Purpose: Despite meticulous techniques, surgical complications continue to be problematic in kidney transplant recipients. Role of routine stenting to reduce complications is controversial. In this study, we compare incidence of early urological complications, lymphoceles, urinary tract infections (UTI) and graft function; with or without double-J stenting.

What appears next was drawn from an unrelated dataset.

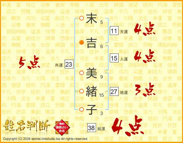 末(5画)吉(6画) 美(9画)緒(15画)子(3画)

Materials and Methods: All patients who underwent live related donor renal transplantation from February 2014 to February 2016 were included. Transplants prior to February 2015 were without routine stenting; subsequent transplants were with routine stenting. Patients with neurogenic bladder, previously operated bladder and delayed or low urinary output were excluded. Followup was for at least three months. Descriptive statistics was performed for all parameters. Chi square test and Fisher's Exact test were used for qualitative variables. For quantitative variables, Mann-Whitney test was used to test median difference and independent samples t-test for mean difference. The p-value ${\leq}0.05$ was considered significant. Results: We analysed 74 patients (34 stented and 40 non-stented). There was no difference in the incidence of urinary leak, anastomotic obstruction, lymphoceles or UTI (p>0.4 for all comparisons). However, mean estimated glomerular filtration rate at sixth day, 14th day, one month and two months were 76.1 vs. 61.5 (p=0.025), 72.1 vs. 56.6 (p=0.005), 79.4 vs. 63.1 (p=0.002) and 82.0 vs. 63.3 (p=0.001) in the stented versus non-stented groups. Conclusions: Placement of ureteral stent in renal transplant does not significantly affect the incidence of early urinary complications or UTI. However, graft function is significantly better in stented recipients, at least in the short term.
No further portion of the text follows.